### What the task requires
An exact reprint of every record below is required, with the pictures left out.

[Records from a collection]
***

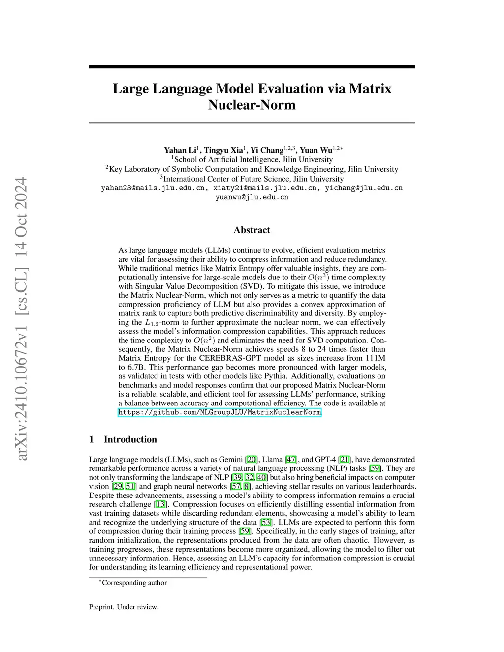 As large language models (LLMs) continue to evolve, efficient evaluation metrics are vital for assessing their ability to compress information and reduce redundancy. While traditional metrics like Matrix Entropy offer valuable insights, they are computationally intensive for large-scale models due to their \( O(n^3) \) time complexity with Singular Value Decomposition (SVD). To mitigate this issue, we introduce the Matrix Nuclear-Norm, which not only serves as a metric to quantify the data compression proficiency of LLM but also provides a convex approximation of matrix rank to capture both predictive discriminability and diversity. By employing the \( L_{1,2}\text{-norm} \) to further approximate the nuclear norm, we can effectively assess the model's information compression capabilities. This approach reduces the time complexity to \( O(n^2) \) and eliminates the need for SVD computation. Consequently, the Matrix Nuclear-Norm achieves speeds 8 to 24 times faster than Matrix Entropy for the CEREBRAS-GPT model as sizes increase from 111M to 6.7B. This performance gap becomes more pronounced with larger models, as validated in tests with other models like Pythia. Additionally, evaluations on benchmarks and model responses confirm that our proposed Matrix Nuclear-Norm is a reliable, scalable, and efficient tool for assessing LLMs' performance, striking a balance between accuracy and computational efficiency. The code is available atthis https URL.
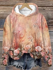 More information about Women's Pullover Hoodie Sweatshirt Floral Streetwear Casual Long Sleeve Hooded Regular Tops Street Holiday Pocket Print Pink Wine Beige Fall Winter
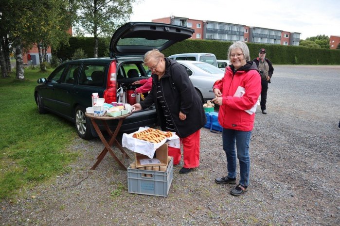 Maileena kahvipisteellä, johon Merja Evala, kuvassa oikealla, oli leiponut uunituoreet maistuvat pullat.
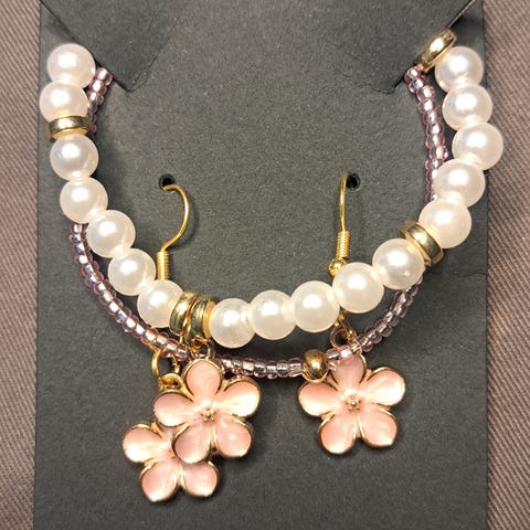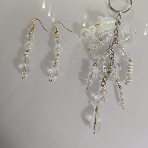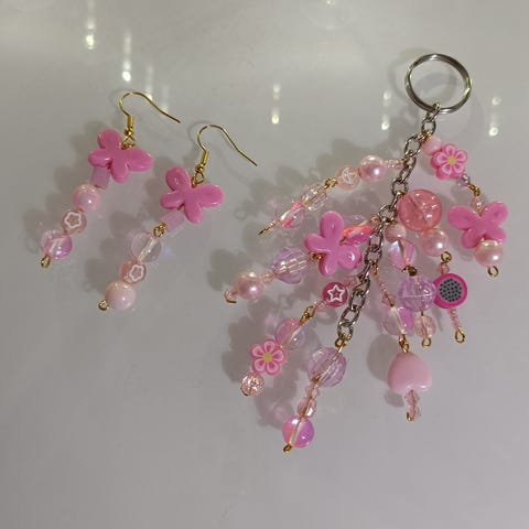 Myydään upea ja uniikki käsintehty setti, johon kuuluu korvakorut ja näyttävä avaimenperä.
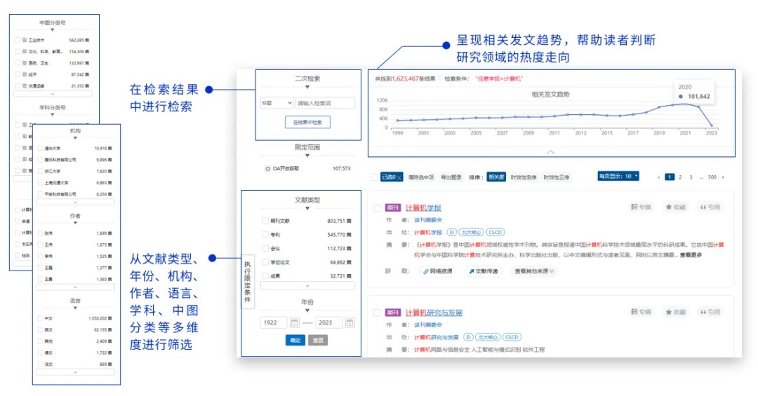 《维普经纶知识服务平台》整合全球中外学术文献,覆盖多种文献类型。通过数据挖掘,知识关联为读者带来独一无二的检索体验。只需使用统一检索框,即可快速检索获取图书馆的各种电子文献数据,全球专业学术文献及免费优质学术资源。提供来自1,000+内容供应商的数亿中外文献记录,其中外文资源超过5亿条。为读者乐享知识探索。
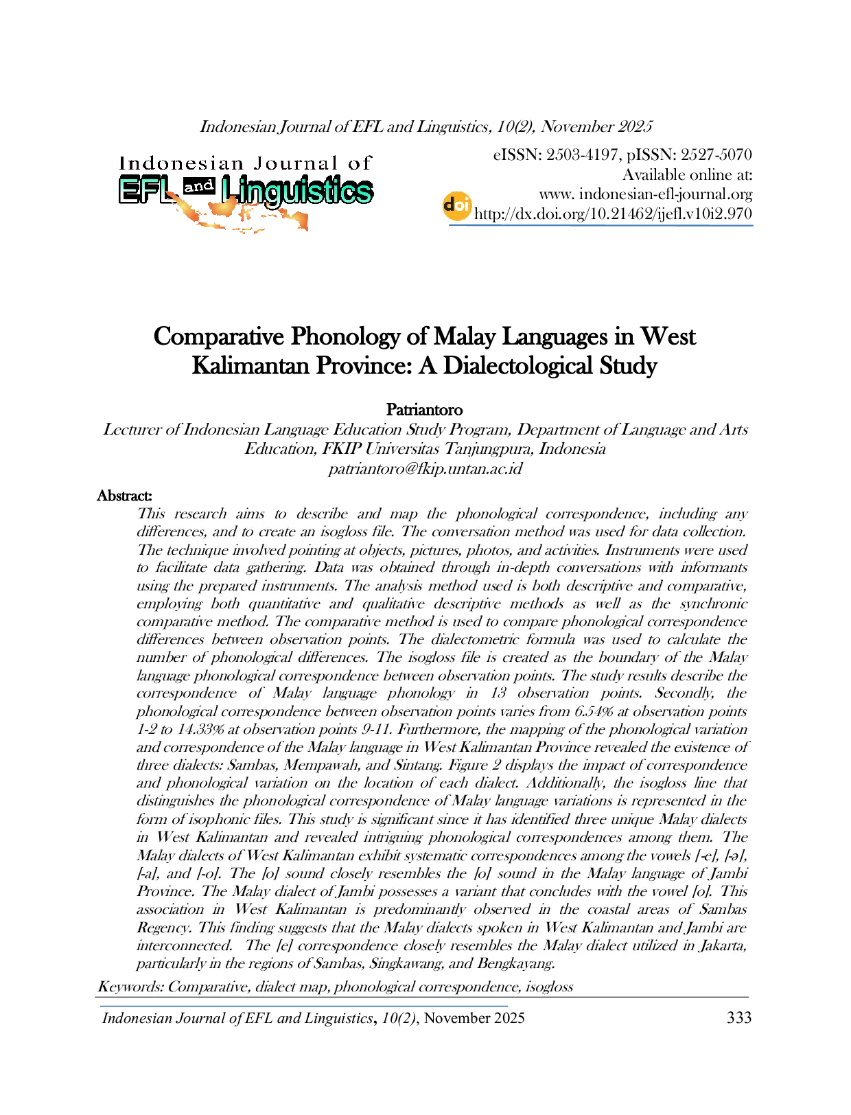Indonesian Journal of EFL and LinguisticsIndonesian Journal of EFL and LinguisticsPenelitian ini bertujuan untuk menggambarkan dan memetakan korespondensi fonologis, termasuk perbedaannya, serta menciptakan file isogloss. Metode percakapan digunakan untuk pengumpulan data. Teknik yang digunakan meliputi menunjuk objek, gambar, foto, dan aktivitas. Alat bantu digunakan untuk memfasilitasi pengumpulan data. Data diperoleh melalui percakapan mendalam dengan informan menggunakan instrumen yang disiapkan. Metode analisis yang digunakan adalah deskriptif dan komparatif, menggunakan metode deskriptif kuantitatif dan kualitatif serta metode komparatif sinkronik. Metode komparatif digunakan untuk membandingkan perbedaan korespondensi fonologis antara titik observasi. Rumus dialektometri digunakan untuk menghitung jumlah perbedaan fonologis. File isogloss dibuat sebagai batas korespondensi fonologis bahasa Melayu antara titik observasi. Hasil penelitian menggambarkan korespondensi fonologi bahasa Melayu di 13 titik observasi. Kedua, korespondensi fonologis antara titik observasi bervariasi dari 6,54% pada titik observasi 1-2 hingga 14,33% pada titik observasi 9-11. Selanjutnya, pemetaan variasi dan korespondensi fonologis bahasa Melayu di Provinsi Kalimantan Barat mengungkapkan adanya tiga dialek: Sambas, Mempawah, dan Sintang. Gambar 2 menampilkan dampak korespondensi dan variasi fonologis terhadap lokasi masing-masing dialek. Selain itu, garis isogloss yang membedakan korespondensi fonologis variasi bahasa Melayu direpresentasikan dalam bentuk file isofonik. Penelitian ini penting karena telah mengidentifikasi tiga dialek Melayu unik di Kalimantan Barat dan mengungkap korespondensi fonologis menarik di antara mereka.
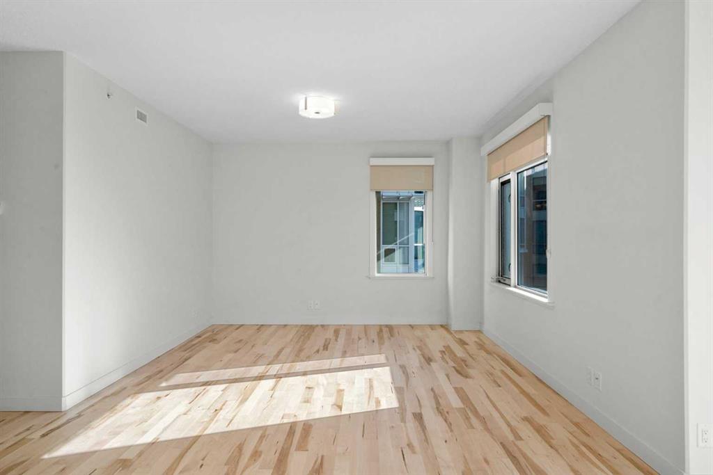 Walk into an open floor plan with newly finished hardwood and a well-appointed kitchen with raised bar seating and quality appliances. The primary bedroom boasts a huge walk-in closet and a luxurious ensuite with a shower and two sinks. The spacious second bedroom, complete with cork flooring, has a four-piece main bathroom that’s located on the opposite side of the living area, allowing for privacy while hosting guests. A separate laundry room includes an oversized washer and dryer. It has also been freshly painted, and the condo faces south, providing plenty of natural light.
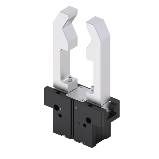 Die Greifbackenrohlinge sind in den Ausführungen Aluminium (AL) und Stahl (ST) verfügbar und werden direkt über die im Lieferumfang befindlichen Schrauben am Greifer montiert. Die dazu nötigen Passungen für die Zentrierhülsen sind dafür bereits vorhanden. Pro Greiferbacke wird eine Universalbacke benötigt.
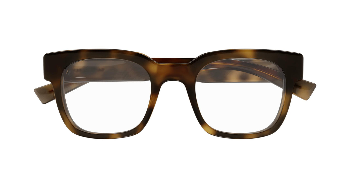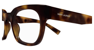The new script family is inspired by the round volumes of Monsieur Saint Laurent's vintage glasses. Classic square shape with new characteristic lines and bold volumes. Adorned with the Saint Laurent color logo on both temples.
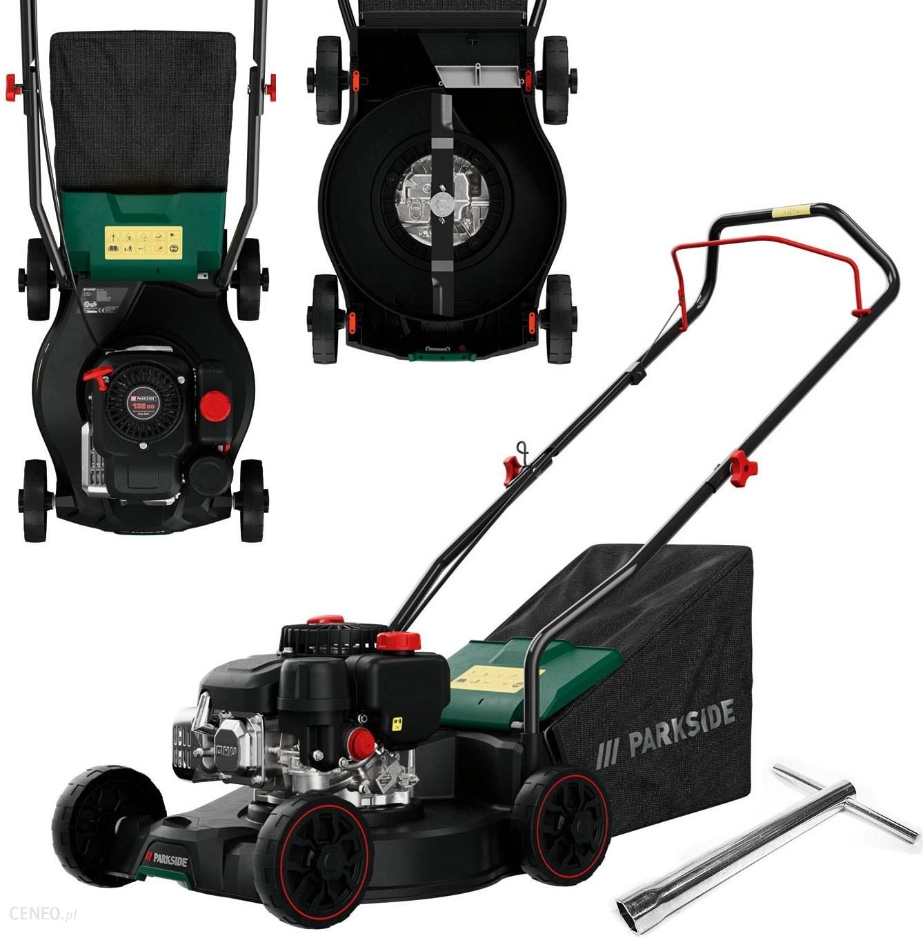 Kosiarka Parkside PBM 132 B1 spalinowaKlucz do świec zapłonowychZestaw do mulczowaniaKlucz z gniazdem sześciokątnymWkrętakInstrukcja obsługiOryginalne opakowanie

***

### Output
 As large language models (LLMs) continue to evolve, efficient evaluation metrics are vital for assessing their ability to compress information and reduce redundancy. While traditional metrics like Matrix Entropy offer valuable insights, they are computationally intensive for large-scale models due to their \( O(n^3) \) time complexity with Singular Value Decomposition (SVD). To mitigate this issue, we introduce the Matrix Nuclear-Norm, which not only serves as a metric to quantify the data compression proficiency of LLM but also provides a convex approximation of matrix rank to capture both predictive discriminability and diversity. By employing the \( L_{1,2}\text{-norm} \) to further approximate the nuclear norm, we can effectively assess the model's information compression capabilities. This approach reduces the time complexity to \( O(n^2) \) and eliminates the need for SVD computation. Consequently, the Matrix Nuclear-Norm achieves speeds 8 to 24 times faster than Matrix Entropy for the CEREBRAS-GPT model as sizes increase from 111M to 6.7B. This performance gap becomes more pronounced with larger models, as validated in tests with other models like Pythia. Additionally, evaluations on benchmarks and model responses confirm that our proposed Matrix Nuclear-Norm is a reliable, scalable, and efficient tool for assessing LLMs' performance, striking a balance between accuracy and computational efficiency. The code is available atthis https URL.
 More information about Women's Pullover Hoodie Sweatshirt Floral Streetwear Casual Long Sleeve Hooded Regular Tops Street Holiday Pocket Print Pink Wine Beige Fall Winter
 Maileena kahvipisteellä, johon Merja Evala, kuvassa oikealla, oli leiponut uunituoreet maistuvat pullat.
 Myydään upea ja uniikki käsintehty setti, johon kuuluu korvakorut ja näyttävä avaimenperä.
 《维普经纶知识服务平台》整合全球中外学术文献,覆盖多种文献类型。通过数据挖掘,知识关联为读者带来独一无二的检索体验。只需使用统一检索框,即可快速检索获取图书馆的各种电子文献数据,全球专业学术文献及免费优质学术资源。提供来自1,000+内容供应商的数亿中外文献记录,其中外文资源超过5亿条。为读者乐享知识探索。
Indonesian Journal of EFL and LinguisticsIndonesian Journal of EFL and LinguisticsPenelitian ini bertujuan untuk menggambarkan dan memetakan korespondensi fonologis, termasuk perbedaannya, serta menciptakan file isogloss. Metode percakapan digunakan untuk pengumpulan data. Teknik yang digunakan meliputi menunjuk objek, gambar, foto, dan aktivitas. Alat bantu digunakan untuk memfasilitasi pengumpulan data. Data diperoleh melalui percakapan mendalam dengan informan menggunakan instrumen yang disiapkan. Metode analisis yang digunakan adalah deskriptif dan komparatif, menggunakan metode deskriptif kuantitatif dan kualitatif serta metode komparatif sinkronik. Metode komparatif digunakan untuk membandingkan perbedaan korespondensi fonologis antara titik observasi. Rumus dialektometri digunakan untuk menghitung jumlah perbedaan fonologis. File isogloss dibuat sebagai batas korespondensi fonologis bahasa Melayu antara titik observasi. Hasil penelitian menggambarkan korespondensi fonologi bahasa Melayu di 13 titik observasi. Kedua, korespondensi fonologis antara titik observasi bervariasi dari 6,54% pada titik observasi 1-2 hingga 14,33% pada titik observasi 9-11. Selanjutnya, pemetaan variasi dan korespondensi fonologis bahasa Melayu di Provinsi Kalimantan Barat mengungkapkan adanya tiga dialek: Sambas, Mempawah, dan Sintang. Gambar 2 menampilkan dampak korespondensi dan variasi fonologis terhadap lokasi masing-masing dialek. Selain itu, garis isogloss yang membedakan korespondensi fonologis variasi bahasa Melayu direpresentasikan dalam bentuk file isofonik. Penelitian ini penting karena telah mengidentifikasi tiga dialek Melayu unik di Kalimantan Barat dan mengungkap korespondensi fonologis menarik di antara mereka.
 Walk into an open floor plan with newly finished hardwood and a well-appointed kitchen with raised bar seating and quality appliances. The primary bedroom boasts a huge walk-in closet and a luxurious ensuite with a shower and two sinks. The spacious second bedroom, complete with cork flooring, has a four-piece main bathroom that’s located on the opposite side of the living area, allowing for privacy while hosting guests. A separate laundry room includes an oversized washer and dryer. It has also been freshly painted, and the condo faces south, providing plenty of natural light.
 Die Greifbackenrohlinge sind in den Ausführungen Aluminium (AL) und Stahl (ST) verfügbar und werden direkt über die im Lieferumfang befindlichen Schrauben am Greifer montiert. Die dazu nötigen Passungen für die Zentrierhülsen sind dafür bereits vorhanden. Pro Greiferbacke wird eine Universalbacke benötigt.
The new script family is inspired by the round volumes of Monsieur Saint Laurent's vintage glasses. Classic square shape with new characteristic lines and bold volumes. Adorned with the Saint Laurent color logo on both temples.
 Kosiarka Parkside PBM 132 B1 spalinowaKlucz do świec zapłonowychZestaw do mulczowaniaKlucz z gniazdem sześciokątnymWkrętakInstrukcja obsługiOryginalne opakowanie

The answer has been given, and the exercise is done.